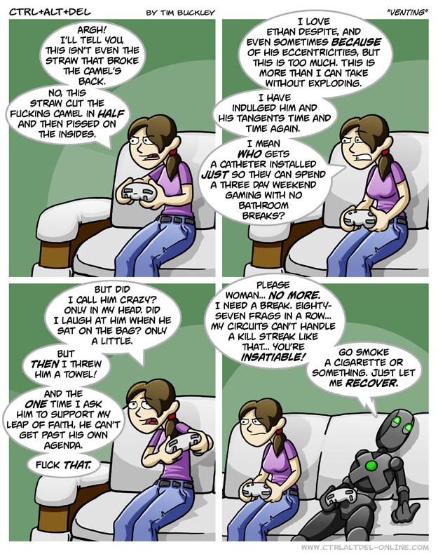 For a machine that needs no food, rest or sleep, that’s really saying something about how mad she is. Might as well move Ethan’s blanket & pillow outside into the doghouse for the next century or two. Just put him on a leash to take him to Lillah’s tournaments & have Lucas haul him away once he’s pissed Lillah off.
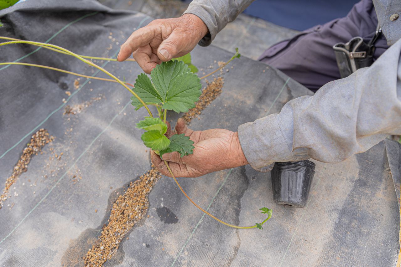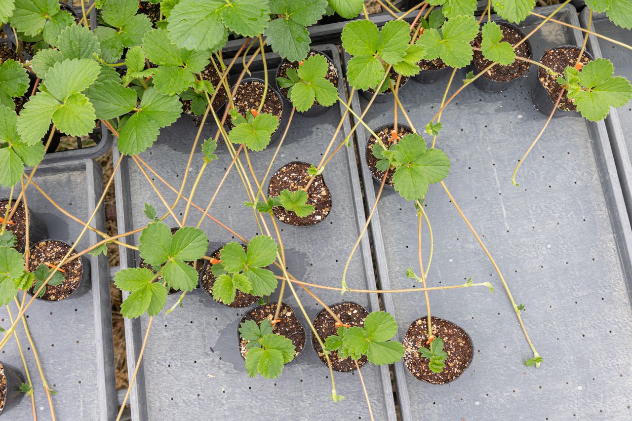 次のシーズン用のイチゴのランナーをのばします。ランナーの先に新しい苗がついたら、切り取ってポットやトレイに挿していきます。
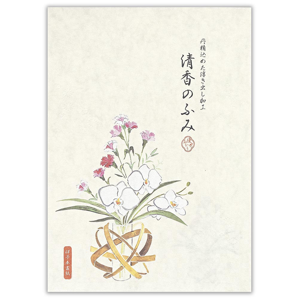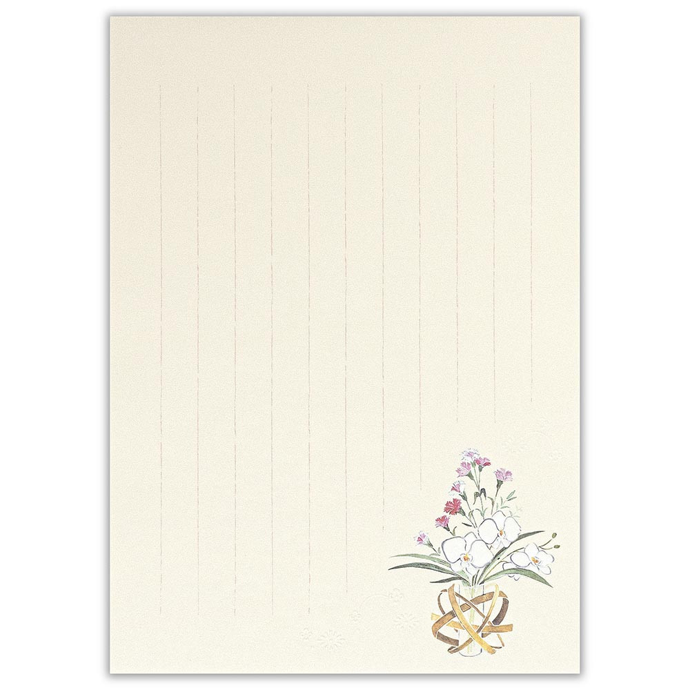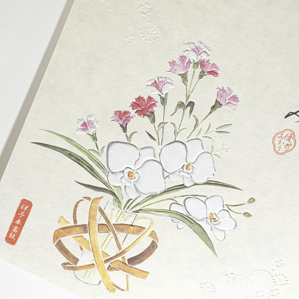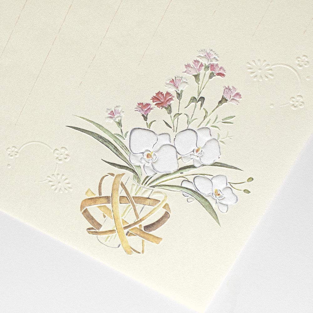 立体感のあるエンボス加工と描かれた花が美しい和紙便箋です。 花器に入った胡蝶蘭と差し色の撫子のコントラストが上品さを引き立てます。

> **Your objective**:
Strip the images and return the remaining data exactly.

> **Solution to this problem**:
 For a machine that needs no food, rest or sleep, that’s really saying something about how mad she is. Might as well move Ethan’s blanket & pillow outside into the doghouse for the next century or two. Just put him on a leash to take him to Lillah’s tournaments & have Lucas haul him away once he’s pissed Lillah off.
 次のシーズン用のイチゴのランナーをのばします。ランナーの先に新しい苗がついたら、切り取ってポットやトレイに挿していきます。
 立体感のあるエンボス加工と描かれた花が美しい和紙便箋です。 花器に入った胡蝶蘭と差し色の撫子のコントラストが上品さを引き立てます。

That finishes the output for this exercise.